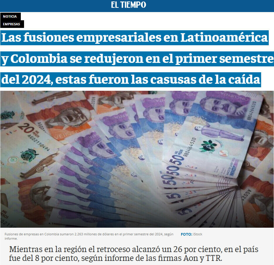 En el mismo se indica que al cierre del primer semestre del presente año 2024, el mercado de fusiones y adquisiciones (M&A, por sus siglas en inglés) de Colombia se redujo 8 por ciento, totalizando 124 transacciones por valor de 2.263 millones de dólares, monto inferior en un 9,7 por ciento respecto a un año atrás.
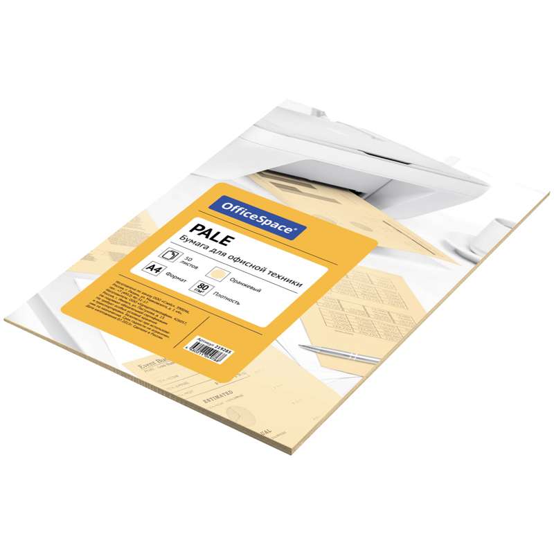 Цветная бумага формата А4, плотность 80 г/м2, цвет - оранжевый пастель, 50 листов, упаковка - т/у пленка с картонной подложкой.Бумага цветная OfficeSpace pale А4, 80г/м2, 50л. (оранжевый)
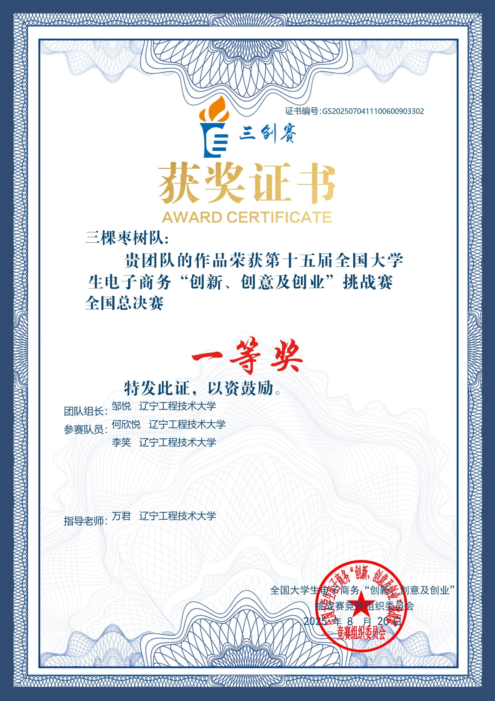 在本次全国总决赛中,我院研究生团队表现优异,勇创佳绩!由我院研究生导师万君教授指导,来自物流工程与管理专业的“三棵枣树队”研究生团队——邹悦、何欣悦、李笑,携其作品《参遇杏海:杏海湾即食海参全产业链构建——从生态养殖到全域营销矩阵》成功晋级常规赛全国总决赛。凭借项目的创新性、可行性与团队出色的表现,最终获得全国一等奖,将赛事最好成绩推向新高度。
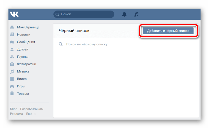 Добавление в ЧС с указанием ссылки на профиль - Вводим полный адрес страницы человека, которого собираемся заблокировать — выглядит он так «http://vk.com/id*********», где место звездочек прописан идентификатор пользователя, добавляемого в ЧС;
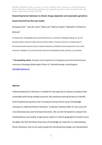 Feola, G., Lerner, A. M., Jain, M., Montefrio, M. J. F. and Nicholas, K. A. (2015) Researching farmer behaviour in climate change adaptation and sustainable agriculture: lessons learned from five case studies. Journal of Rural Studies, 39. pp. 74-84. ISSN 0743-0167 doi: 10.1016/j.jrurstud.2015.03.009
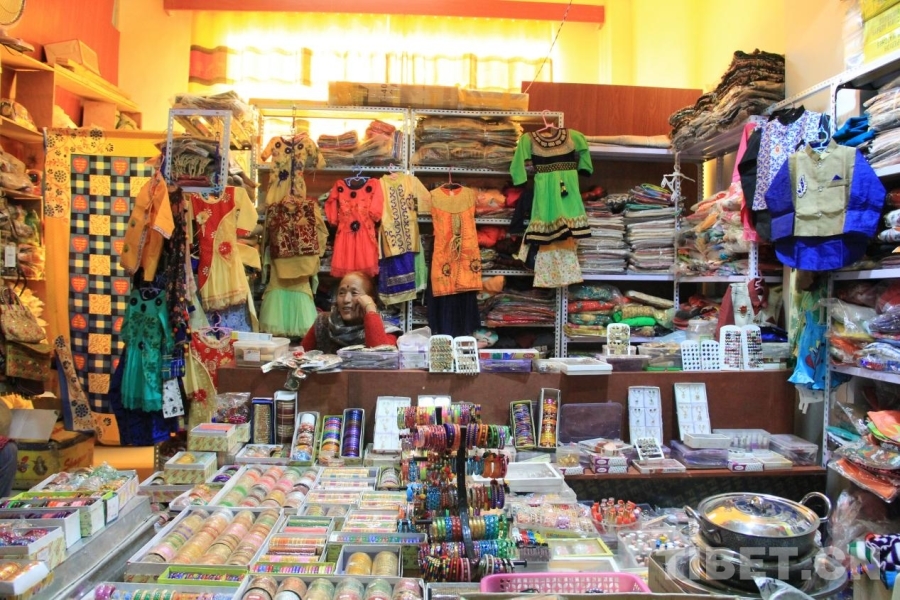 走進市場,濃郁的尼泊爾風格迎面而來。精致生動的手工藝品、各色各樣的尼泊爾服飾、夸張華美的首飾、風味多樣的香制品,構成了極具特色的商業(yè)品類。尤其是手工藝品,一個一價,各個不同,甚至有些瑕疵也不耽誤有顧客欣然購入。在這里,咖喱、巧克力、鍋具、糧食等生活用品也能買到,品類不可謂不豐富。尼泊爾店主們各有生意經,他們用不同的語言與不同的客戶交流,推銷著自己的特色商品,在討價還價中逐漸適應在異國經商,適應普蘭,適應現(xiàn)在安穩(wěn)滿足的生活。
* * *
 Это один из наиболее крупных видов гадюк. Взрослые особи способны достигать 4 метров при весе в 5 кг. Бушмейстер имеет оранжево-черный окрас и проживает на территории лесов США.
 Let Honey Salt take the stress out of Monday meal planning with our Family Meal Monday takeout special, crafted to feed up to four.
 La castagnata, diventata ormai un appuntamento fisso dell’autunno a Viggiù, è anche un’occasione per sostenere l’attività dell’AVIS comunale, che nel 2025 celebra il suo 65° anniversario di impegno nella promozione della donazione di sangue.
* * *
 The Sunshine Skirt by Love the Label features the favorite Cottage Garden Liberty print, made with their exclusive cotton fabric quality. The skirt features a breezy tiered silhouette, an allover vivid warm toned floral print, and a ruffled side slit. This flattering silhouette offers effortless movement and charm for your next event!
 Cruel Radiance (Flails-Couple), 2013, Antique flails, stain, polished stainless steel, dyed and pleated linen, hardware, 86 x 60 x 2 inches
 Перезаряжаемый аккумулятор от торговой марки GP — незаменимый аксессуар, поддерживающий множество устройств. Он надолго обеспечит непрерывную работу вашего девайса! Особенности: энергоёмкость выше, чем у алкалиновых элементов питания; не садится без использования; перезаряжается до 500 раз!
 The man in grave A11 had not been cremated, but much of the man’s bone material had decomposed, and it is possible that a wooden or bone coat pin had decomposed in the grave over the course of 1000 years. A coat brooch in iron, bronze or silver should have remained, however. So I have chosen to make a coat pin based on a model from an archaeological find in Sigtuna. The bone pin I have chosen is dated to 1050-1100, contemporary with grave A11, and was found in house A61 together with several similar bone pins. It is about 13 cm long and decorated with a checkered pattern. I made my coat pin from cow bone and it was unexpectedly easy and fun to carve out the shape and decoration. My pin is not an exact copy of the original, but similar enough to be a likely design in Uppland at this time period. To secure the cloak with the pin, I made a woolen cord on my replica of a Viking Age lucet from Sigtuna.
* * *
§ **WORK ITEM**: Gather all lines of the records that include the word "made".

§ **ANSWER FOR THIS EXERCISE**:
 The Sunshine Skirt by Love the Label features the favorite Cottage Garden Liberty print, made with their exclusive cotton fabric quality. The skirt features a breezy tiered silhouette, an allover vivid warm toned floral print, and a ruffled side slit. This flattering silhouette offers effortless movement and charm for your next event!
 The man in grave A11 had not been cremated, but much of the man’s bone material had decomposed, and it is possible that a wooden or bone coat pin had decomposed in the grave over the course of 1000 years. A coat brooch in iron, bronze or silver should have remained, however. So I have chosen to make a coat pin based on a model from an archaeological find in Sigtuna. The bone pin I have chosen is dated to 1050-1100, contemporary with grave A11, and was found in house A61 together with several similar bone pins. It is about 13 cm long and decorated with a checkered pattern. I made my coat pin from cow bone and it was unexpectedly easy and fun to carve out the shape and decoration. My pin is not an exact copy of the original, but similar enough to be a likely design in Uppland at this time period. To secure the cloak with the pin, I made a woolen cord on my replica of a Viking Age lucet from Sigtuna.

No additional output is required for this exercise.